Your goal — Using the listing below, give again exactly the lines from the line with "年末にかけて多くの方々に来館" to the line with "荒神丸船長に「ボカギもってこ~。」と言われ、慌てて、小友晃伸丸さん走ります。", inclusive, without the pictures.
# # # # # # #
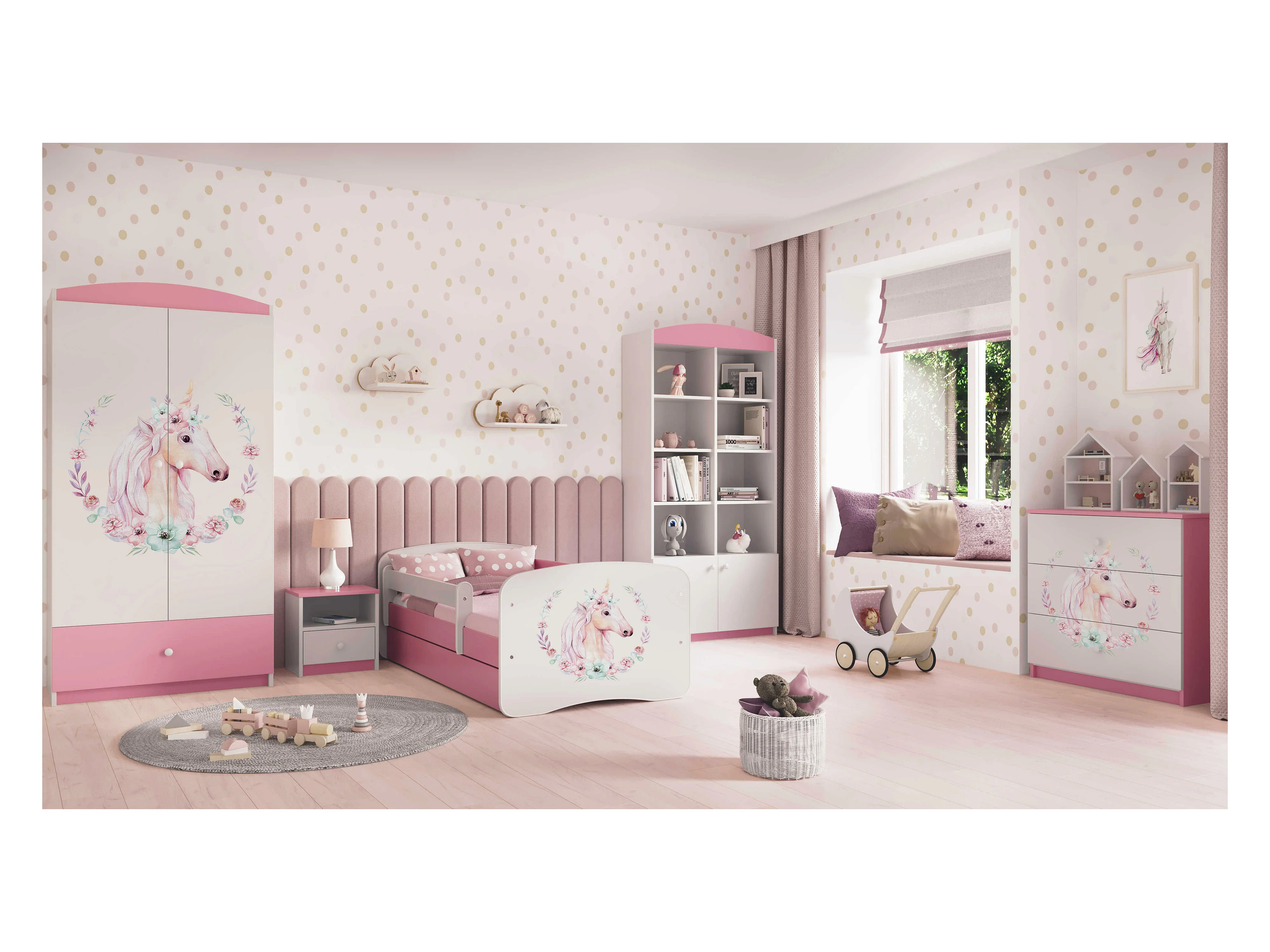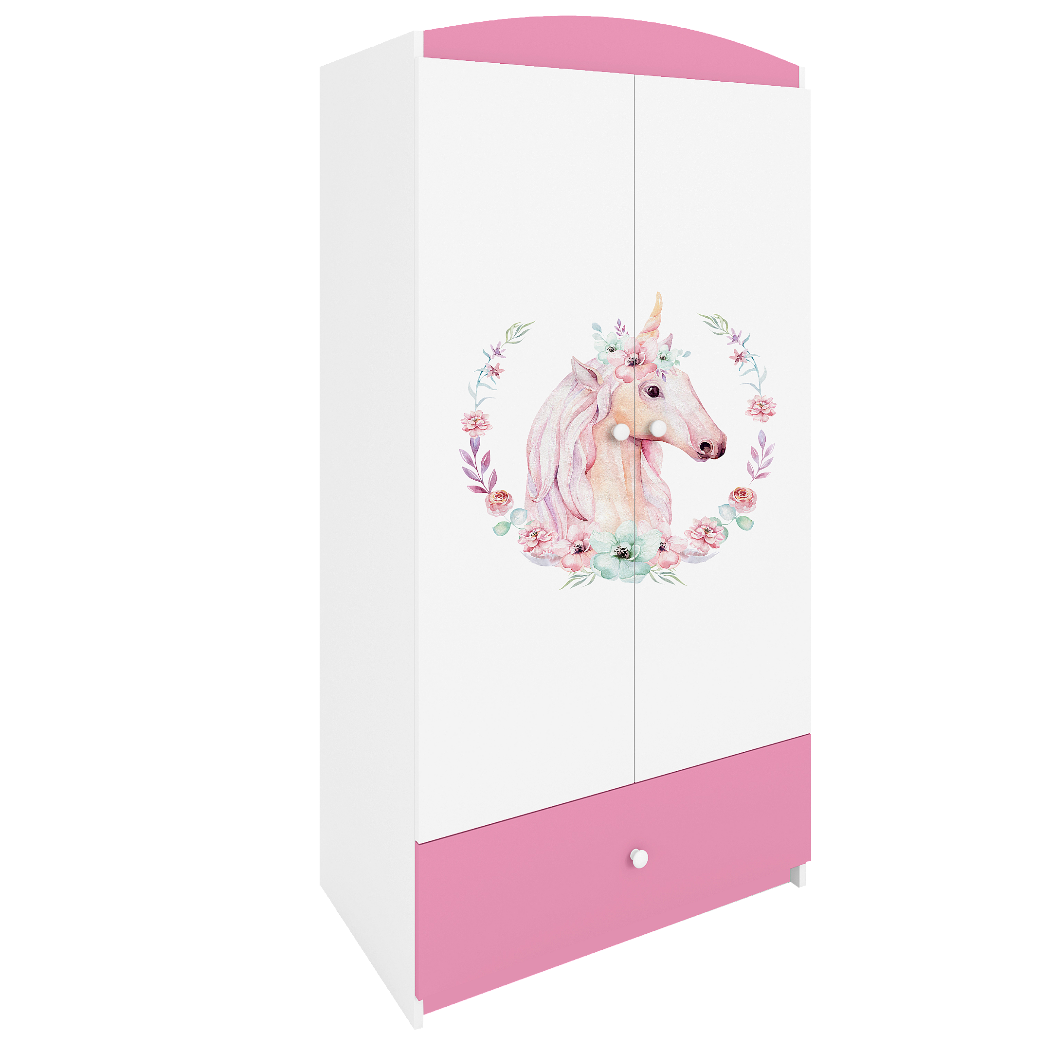 Kinderkleiderschrank Babydreams Drehtürenschrank Kleiderschrank Pferd Hellrosa
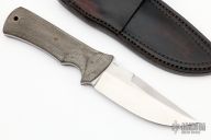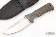 This fixed blade, by Johnathan Mcnees, features a satin finish clip point style blade with a full tang construction. .169" Blade Stock 1.31" Blade Depth. The handle is composed of contoured green G10 scales with micarta pins. The pommel features a lanyard hole. Includes COA, and leather horizontal carry sheath. Excellent condition.
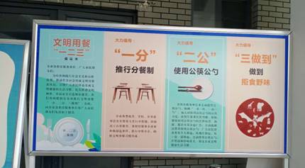 “一分”—推行分餐制。“二公”—使用公筷公勺,做到“一菜一筷、一汤一勺”。“三做到”—做到拒食野味、餐前洗手、“光盘行动”。
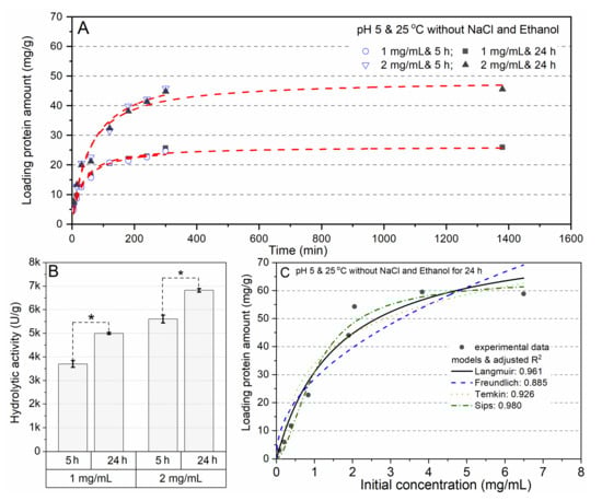 - Blanco, R.M.; Terreros, P.; Muñoz, N.; Serra, E. Ethanol improves lipase immobilization on a hydrophobic support. J. Mol. Catal. B Enzym. 2007, 47, 13–20. [Google Scholar] [CrossRef]
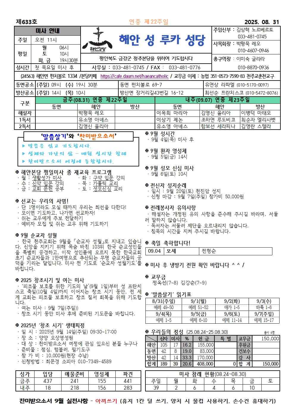 묵호 - 2025년 8월 31일, 연중 제22주일
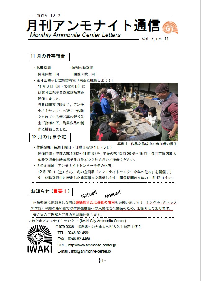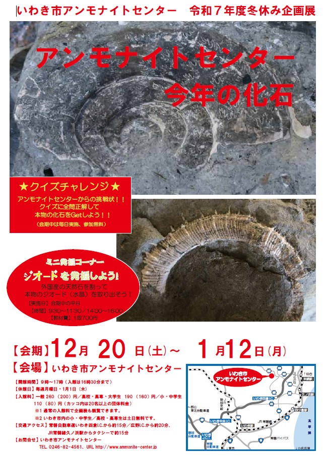 年末にかけて多くの方々に来館していただいており、現在千円札が足らない状況となっております。来館される際は、千円札のご準備をよろしくお願いいたします。アンモナイトセンターでは現金以外はご使用できませんのでご注意願います。
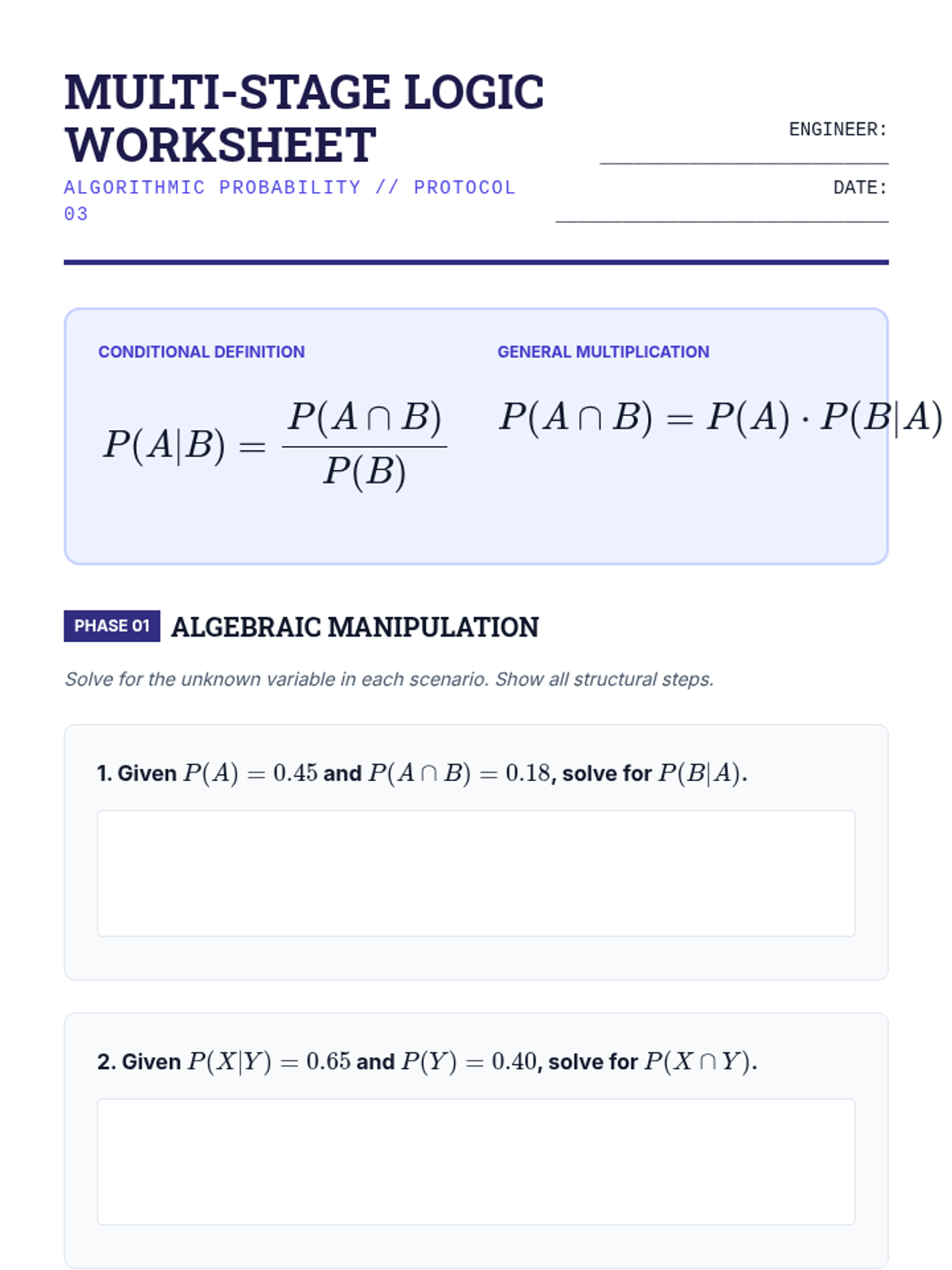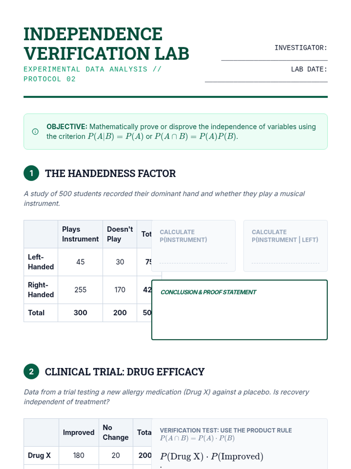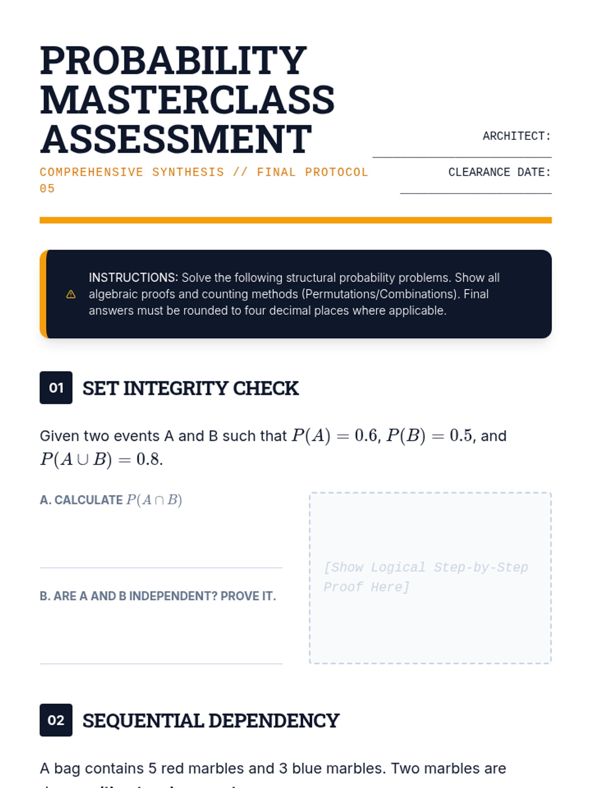 A rigorous, theoretical approach to compound event probabilities for 12th-grade students. This sequence covers set notation, formal definitions of independence, the general addition and multiplication rules, and the distinction between mutually exclusive and independent events.
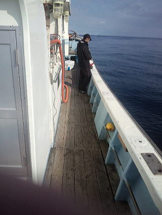 荒神丸船長に「ボカギもってこ~。」と言われ、慌てて、小友晃伸丸さん走ります。
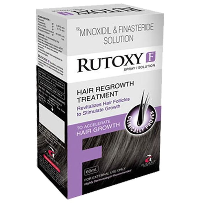 Rutoxy F Hair Growth Spray is a combination medicine used in the treatment of hair loss in men. It works by increasing blood flow to the hair follicles which further prevents hair loss and stimulates re-growth resulting in longer, thicker and increased numbers of hair. Use Rutoxy F Hair Growth Spray in the dose and duration as prescribed by your doctor or as instructed in the label. Clean and dry your scalp before using it. It may take several months before you notice any hair growth. The first growth could be soft, colorless, and barely visible. Use it in the exact dose and duration as prescribed by your doctor. Using more than recommended will not speed up hair growth and may increase the likelihood of side effects. Use it for as long as the doctor has prescribed to maintain proper hair growth. If your condition does not improve after using it for 4 to 6 months, tell your doctor. This medicine is to be used only by men and not indicated in women. It is generally safe, however, it may cause few common side effects such as application site reactions, dry skin, impotence, decreased libido, ejaculation disorders, breast enlargement, breast tenderness in males, and skin rash. In case of accidental contact with other parts of the body, it may cause excessive hair growth. If you get it in your eyes, mouth, or broken skin, rinse thoroughly with plenty of water. Talk to your doctor if you are bothered by side effects or they do not go away. To ensure its safety, before using this medicine, let your doctor know if you have any problems with your heart. Additionally, inform your doctor about all the medicines you are taking. Pregnant, potentially pregnant, or breastfeeding women should not handle this medicine because of the possibility of absorption of finasteride. As it may cause potential harm to a male baby or fetus.
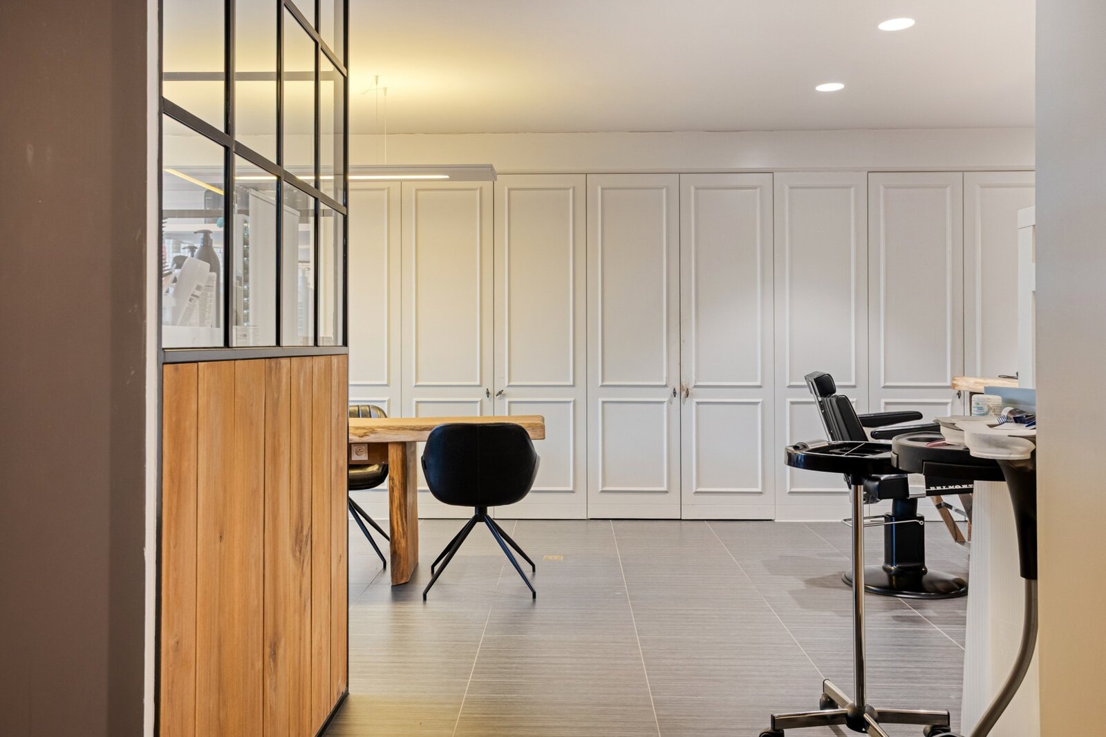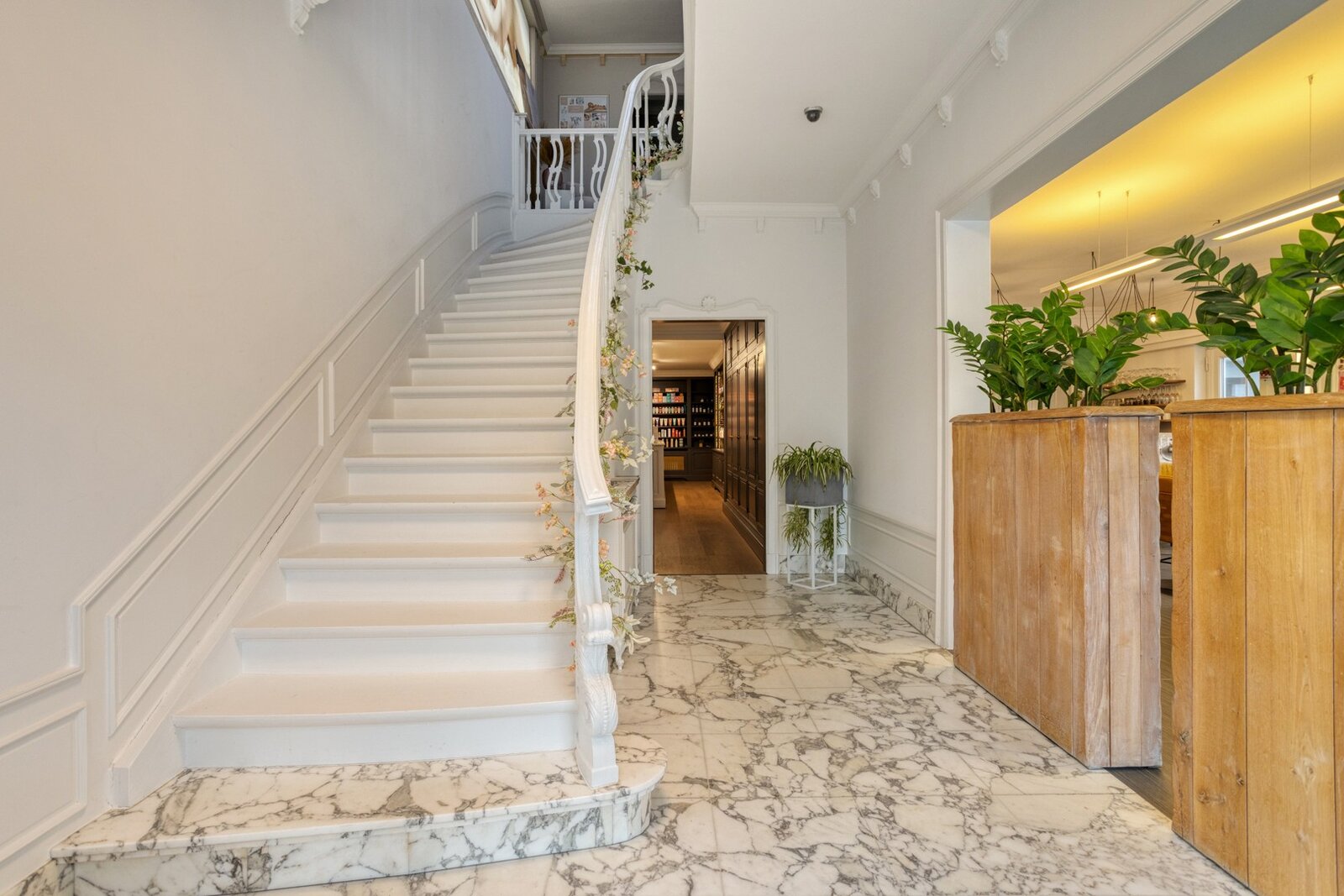 Een kader dat vertrouwen uitstraalt. De imposante inkomhal met karaktervolle trap zet meteen de toon: klasse, professionaliteit en standing. Dit is een omgeving waar uw cliënteel zich welkom voelt en waar uw activiteit onmiddellijk geloofwaardigheid krijgt.
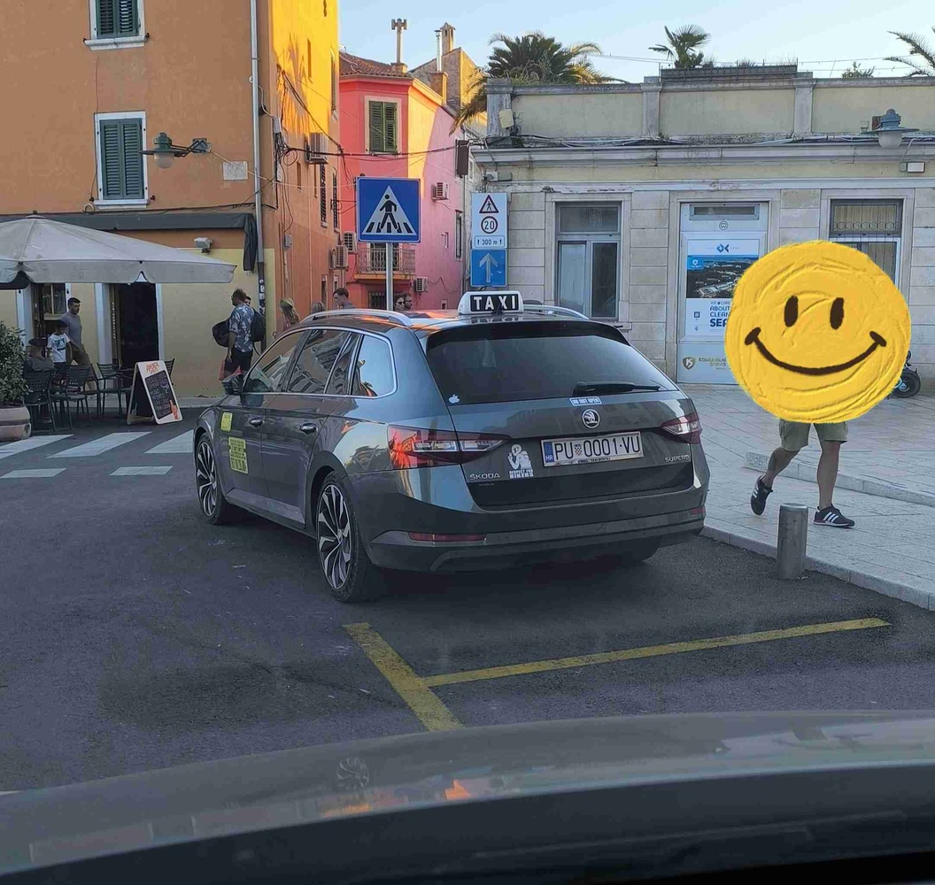 Moguće je da taj taksist, zajedno s nekolicinom svojih kolega (iako ne svi), svjesno i konstantno parkira na ovom mjestu u lokvi i iza autobusa, pored novog spomenika, unatoč tome što je područje označeno žutom linijom i znakom "R", dok su mjesta za taksi kod Mullera slobodna. Zar pravila za njih ne vrijede? Uporno to rade, kamioni za dostavu trube, promet se blokira, a oni su u kafiću... sve zbog bahatosti. Imate kamere, možete reagirati.
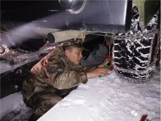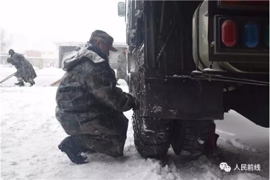 ▲第71集團(tuán)軍某合成旅迅速啟動(dòng)應(yīng)急方案,檢查并禁錮車(chē)輛防滑鏈。
# # # # # # #
Solution for this task —
 年末にかけて多くの方々に来館していただいており、現在千円札が足らない状況となっております。来館される際は、千円札のご準備をよろしくお願いいたします。アンモナイトセンターでは現金以外はご使用できませんのでご注意願います。
 A rigorous, theoretical approach to compound event probabilities for 12th-grade students. This sequence covers set notation, formal definitions of independence, the general addition and multiplication rules, and the distinction between mutually exclusive and independent events.
 荒神丸船長に「ボカギもってこ~。」と言われ、慌てて、小友晃伸丸さん走ります。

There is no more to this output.